━━━ DATA EXTRACTS ━━━

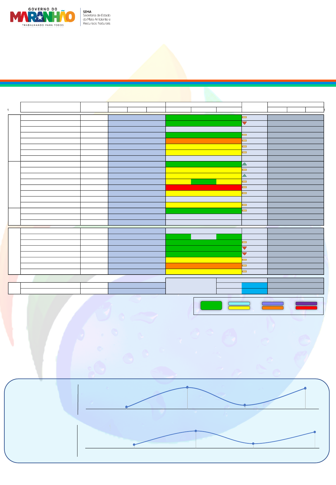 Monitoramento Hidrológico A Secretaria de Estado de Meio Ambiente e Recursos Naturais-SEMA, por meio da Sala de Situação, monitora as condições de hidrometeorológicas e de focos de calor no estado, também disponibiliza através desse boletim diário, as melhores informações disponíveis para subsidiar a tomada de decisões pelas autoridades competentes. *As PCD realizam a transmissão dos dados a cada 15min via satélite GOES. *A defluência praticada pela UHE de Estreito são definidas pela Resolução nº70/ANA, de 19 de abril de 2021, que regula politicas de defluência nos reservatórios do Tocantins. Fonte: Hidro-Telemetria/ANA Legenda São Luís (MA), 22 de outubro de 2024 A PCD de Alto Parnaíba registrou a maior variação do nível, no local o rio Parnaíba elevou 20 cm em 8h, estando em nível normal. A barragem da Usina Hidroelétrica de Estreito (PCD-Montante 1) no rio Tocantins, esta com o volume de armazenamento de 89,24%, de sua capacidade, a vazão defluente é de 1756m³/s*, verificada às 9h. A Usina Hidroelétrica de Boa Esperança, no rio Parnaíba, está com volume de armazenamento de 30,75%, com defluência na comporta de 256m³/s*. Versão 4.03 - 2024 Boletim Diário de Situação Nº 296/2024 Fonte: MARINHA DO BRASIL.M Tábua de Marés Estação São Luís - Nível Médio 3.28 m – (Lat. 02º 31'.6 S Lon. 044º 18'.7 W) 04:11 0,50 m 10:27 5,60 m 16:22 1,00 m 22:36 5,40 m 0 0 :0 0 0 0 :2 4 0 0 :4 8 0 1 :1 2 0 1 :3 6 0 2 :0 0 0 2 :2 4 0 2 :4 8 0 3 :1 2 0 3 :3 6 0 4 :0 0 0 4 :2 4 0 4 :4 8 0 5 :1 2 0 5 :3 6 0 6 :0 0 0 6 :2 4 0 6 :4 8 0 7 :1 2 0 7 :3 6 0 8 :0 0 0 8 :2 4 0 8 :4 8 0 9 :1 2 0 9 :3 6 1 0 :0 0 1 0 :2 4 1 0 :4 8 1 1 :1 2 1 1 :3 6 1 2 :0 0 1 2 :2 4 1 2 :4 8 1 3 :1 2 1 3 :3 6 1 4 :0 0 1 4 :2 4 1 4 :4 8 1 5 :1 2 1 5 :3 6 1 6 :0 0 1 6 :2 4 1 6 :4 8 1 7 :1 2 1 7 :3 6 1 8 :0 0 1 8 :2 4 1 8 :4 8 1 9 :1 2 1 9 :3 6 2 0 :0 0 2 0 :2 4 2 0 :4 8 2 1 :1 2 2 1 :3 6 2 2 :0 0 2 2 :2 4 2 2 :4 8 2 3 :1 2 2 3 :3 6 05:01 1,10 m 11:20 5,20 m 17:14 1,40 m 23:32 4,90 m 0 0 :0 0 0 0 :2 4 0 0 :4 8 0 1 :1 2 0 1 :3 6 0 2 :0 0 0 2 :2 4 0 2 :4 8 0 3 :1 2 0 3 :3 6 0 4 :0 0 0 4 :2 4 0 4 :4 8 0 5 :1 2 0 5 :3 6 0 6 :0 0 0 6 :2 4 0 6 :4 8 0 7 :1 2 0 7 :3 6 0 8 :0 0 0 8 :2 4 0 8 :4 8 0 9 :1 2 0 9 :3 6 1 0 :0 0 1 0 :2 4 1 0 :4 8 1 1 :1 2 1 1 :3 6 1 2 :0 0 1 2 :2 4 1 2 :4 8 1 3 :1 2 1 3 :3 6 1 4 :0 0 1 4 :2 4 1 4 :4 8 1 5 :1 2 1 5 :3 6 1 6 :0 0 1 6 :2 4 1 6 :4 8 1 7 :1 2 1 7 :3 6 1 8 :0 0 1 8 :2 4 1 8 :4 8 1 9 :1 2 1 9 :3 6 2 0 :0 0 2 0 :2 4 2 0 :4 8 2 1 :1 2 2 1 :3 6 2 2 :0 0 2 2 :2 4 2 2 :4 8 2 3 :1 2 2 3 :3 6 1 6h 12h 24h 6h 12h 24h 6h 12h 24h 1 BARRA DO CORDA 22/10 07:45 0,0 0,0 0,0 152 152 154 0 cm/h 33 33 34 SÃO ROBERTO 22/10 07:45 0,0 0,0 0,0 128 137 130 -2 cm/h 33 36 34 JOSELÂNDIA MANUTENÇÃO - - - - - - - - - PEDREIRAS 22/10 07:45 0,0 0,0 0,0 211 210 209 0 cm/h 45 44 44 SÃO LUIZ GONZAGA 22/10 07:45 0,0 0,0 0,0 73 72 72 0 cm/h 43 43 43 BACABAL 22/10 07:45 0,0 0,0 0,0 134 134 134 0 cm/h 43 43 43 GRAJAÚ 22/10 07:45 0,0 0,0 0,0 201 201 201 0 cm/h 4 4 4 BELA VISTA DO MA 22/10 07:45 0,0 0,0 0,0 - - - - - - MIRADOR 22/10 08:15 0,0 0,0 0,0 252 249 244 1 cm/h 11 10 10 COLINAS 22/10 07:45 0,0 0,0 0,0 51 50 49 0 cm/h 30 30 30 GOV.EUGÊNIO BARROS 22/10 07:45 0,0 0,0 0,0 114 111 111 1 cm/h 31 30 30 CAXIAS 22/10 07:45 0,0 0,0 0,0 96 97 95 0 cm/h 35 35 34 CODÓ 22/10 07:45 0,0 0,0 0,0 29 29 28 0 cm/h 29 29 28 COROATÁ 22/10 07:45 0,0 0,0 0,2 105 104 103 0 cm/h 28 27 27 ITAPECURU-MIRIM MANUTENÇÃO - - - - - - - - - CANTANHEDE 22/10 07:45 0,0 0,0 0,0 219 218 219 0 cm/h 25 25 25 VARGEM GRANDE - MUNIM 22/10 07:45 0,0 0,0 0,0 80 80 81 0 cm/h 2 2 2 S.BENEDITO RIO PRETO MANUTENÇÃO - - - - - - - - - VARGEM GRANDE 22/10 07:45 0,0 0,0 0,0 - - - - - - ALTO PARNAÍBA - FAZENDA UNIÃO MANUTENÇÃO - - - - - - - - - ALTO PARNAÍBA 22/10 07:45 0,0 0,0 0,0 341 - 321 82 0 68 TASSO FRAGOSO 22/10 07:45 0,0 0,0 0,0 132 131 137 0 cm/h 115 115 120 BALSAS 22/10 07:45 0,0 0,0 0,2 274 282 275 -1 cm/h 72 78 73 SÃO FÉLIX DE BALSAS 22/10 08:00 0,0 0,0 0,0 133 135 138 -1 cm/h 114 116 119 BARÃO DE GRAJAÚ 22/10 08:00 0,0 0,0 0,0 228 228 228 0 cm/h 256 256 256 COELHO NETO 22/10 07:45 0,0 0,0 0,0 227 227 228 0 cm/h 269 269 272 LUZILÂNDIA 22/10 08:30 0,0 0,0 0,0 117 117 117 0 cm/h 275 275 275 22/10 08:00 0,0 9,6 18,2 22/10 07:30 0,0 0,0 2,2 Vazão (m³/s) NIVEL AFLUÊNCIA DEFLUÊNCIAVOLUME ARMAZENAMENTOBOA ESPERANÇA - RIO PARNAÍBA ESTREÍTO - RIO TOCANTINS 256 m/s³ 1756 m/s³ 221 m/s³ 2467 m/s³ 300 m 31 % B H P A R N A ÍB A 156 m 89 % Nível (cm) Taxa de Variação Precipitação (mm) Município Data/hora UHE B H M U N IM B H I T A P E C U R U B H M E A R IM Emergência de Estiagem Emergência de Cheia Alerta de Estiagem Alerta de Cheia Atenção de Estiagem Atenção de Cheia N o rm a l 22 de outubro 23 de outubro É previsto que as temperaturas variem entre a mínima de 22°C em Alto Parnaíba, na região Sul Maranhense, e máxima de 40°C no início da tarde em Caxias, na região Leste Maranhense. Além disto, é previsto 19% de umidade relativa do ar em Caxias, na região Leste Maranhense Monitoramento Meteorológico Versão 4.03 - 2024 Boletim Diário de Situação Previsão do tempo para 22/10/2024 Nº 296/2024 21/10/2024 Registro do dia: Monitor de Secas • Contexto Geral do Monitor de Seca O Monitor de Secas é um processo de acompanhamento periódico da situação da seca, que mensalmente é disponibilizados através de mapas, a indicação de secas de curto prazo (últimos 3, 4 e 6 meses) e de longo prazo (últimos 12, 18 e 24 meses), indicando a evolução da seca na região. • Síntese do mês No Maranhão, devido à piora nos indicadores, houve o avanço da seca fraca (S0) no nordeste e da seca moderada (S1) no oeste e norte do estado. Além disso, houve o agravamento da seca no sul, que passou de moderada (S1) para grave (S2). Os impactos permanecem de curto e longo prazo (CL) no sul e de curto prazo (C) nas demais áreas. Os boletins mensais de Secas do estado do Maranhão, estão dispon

━━━
━━━ DATA EXTRACTS ━━━

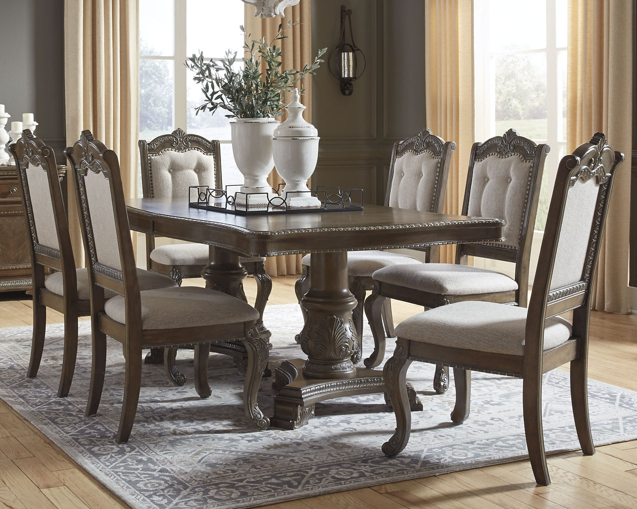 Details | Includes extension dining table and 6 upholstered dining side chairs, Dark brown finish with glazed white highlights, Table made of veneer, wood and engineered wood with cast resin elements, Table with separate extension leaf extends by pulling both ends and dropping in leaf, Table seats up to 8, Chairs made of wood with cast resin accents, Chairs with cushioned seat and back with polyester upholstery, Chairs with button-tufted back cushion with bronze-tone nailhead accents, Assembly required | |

━━━
━━━ DATA EXTRACTS ━━━

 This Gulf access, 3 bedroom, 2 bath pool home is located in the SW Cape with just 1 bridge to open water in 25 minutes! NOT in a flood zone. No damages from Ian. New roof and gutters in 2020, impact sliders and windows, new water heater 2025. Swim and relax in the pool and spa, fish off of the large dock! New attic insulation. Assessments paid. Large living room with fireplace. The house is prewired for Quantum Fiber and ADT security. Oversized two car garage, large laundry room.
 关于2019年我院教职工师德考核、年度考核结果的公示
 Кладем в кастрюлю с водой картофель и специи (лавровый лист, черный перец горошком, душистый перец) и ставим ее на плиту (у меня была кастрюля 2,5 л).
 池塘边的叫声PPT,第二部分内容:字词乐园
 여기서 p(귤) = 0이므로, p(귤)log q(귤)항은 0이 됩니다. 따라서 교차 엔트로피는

━━━

PROBLEM REQUIREMENTS: In the entries above, find the line with "Кладем в кастрюлю" and the line with "여기서 p(귤) = 0이므로, p(귤)log", then set down exactly those two and every line between them, nothing else.

EXPECTED OUTPUT:
 Кладем в кастрюлю с водой картофель и специи (лавровый лист, черный перец горошком, душистый перец) и ставим ее на плиту (у меня была кастрюля 2,5 л).
 池塘边的叫声PPT,第二部分内容:字词乐园
 여기서 p(귤) = 0이므로, p(귤)log q(귤)항은 0이 됩니다. 따라서 교차 엔트로피는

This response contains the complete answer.